In the spirit of critical dialogue, openness, and experimentation, we invite researchers from any academic career stage, or persons working with Amazonian peoples in non-academic capacities, to reflect on gender and feminist scholarship in Indigenous Amazonia; its past, its present and future. Be inspired by this call but not limited by it.

We want this one-day virtual workshop to be the start of something: a supportive, creative event for feminist ethnographers and gender theorists working with indigenous Amazonian communities to share their ambitions, frustrations, and analytical efforts as they grapple with the history of Amazonianist anthropology and the challenges facing Amazonian groups today.

The event

The event will take place online on the 15th and 16th June.

Short papers (3.000 words) will be pre-circulated on 1st June. These might take the form of ethnographic analyses; the statement of questions and problems encountered during research; critical feminist readings of existing works in Amazonianist anthropology; or anything else that this call inspires. The guiding idea is that we are gathering, and collectively working through, critiques, problems and perplexities, as much as we are presenting and evaluating existing approaches and theories. Each set of papers will be commented by a discussant (from among the group), who will draw shared problematics from sets of papers, leading to open discussion.

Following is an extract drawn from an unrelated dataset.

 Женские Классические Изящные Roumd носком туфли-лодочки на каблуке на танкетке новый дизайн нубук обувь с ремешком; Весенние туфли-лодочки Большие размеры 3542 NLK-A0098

Participants should feel free to write their short papers in English, Portuguese, French or Spanish. Participants are invited to intervene in any of these languages, with English and Portuguese preferred.

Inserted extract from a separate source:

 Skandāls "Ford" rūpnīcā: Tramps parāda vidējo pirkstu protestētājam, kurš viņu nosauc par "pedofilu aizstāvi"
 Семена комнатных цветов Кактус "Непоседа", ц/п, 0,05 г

Our ambition is that this event will lead to

  • a network of feminist and gender scholars working in Indigenous Amazonia.
  • a special issue of the journal Cadernos de Campo that charts the terrain of existing and future scholarship.
  • a collectively crafted bibliography of works of feminist analysis from Amazonia.

Please submit abstracts of 150 words to Chloe Nahum-Claudel and Aline Regitano by 16th April 2021. If we receive more abstracts than we can accommodate, a decision based on the fit between the papers will be made by 30th April.